界面活性剤は、フッ素系界面活性剤、シリコーン系界面活性剤およびフッ素・シリコーン系界面活性剤の少なくとも1種を含むことが好ましく、フッ素系界面活性剤とシリコーン系界面活性剤の両方または、フッ素・シリコーン系界面活性剤を含むことがより好ましく、フッ素・シリコーン系界面活性剤を含むことが最も好ましい。
ここで、フッ素・シリコーン系界面活性剤とは、フッ素系界面活性剤およびシリコーン系界面活性剤の両方の要件を併せ持つものをいう。

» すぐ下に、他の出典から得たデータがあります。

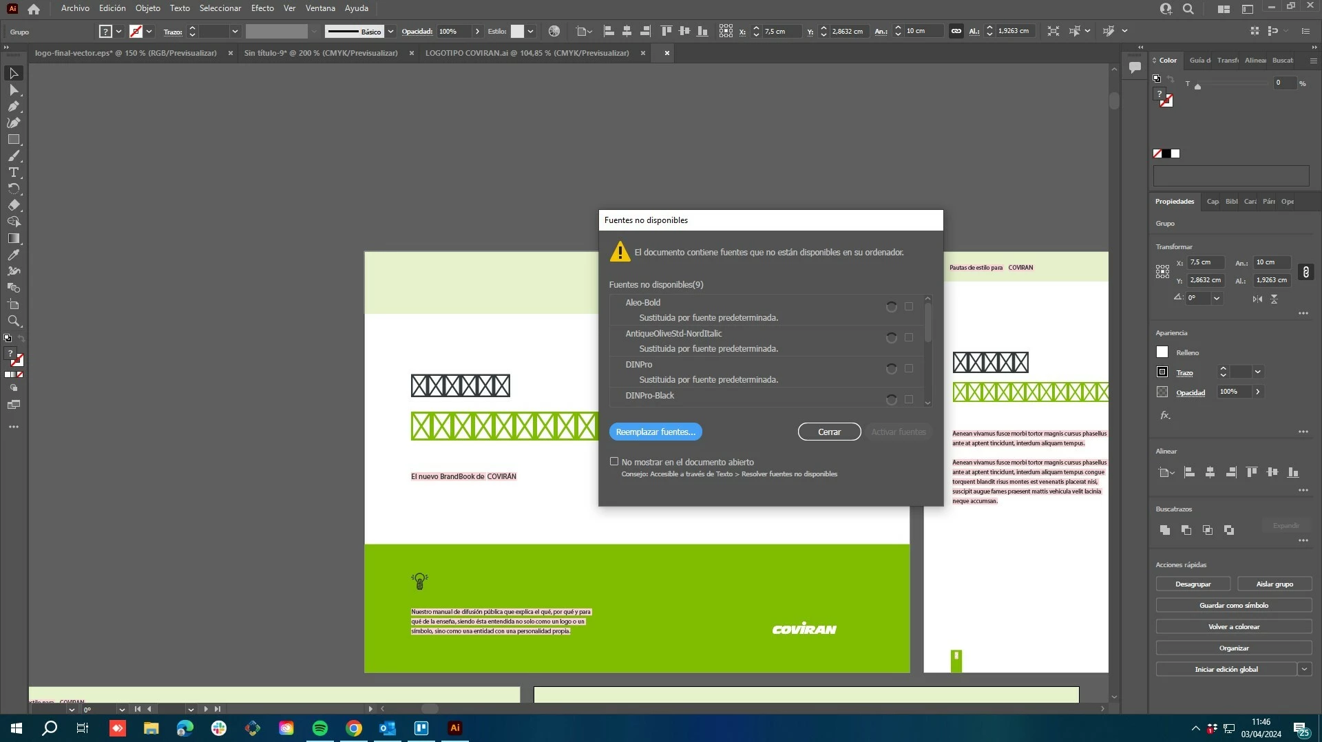 Cuando estoy trabajando en Illustrator y abro algún archivo que tiene una tipografía nueva, bloquea mi pantalla de Illustrator y solo puedo cerrarlo desde la barra de tareas y pierdo todo el trabajo realizado. Si puedo volver a cerrar el aviso la 2º vez que abro el archivo.

このような界面活性剤を用いることにより、本発明の組成物を、半導体素子製造用のシリコーンウェハや、液晶素子製造用のガラス角基板、クロム膜、モリブデン膜、モリブデン合金膜、タンタル膜、タンタル合金膜、窒化珪素膜、アモルファスシリコーン膜、酸化錫をドープした酸化インジウム(ITO)膜や酸化錫膜などの、各種の膜が形成されるなど基板上の塗布時に起こるストリエーションや鱗状の模様(レジスト膜の乾燥むら)などの塗布不良の問題を解決する目的、およびモールド凹部のキャビティ内への組成物の流動性を良くし、モールドとレジスト間の剥離性を良くし、レジストと基板間の密着性を良くする、組成物の粘度を下げる等が可能になる。特に、本発明の組成物において、上記界面活性剤を添加することにより、塗布均一性を大幅に改良でき、スピンコーターやスリットスキャンコーターを用いた塗布において、基板サイズに依らず良好な塗布適性が得られる。さらにインクジェット用ブラックマトリックスに応用した場合、パターン表面が撥インク性となり好都合である。
【0086】
本発明で用いる非イオン性フッ素系界面活性剤の例としては、商品名フロラードFC−430、FC−431(住友スリーエム社製)、商品名サーフロン「S−382」(旭硝子社製)、EFTOP「EF−122A、122B、122C、EF−121、EF−126、EF−127、MF−100」(トーケムプロダクツ社製)、商品名PF−636、PF−6320、PF−656、PF−6520(いずれもOMNOVA社)、商品名フタージェントFT250、FT251、DFX18(いずれも(株)ネオス社製)、商品名ユニダインDS−401、DS−403、DS−451(いずれもダイキン工業(株)社製)、商品名メガフアック171、172、173、178K、178A、(いずれも大日本インキ化学工業社製)が挙げられ、非イオン性ケイ素系界面活性剤の例としては、商品名SI−10シリーズ(竹本油脂社製)、メガファックペインタッド31(大日本インキ化学工業社製)、KP−341(信越化学工業社製)が挙げられる。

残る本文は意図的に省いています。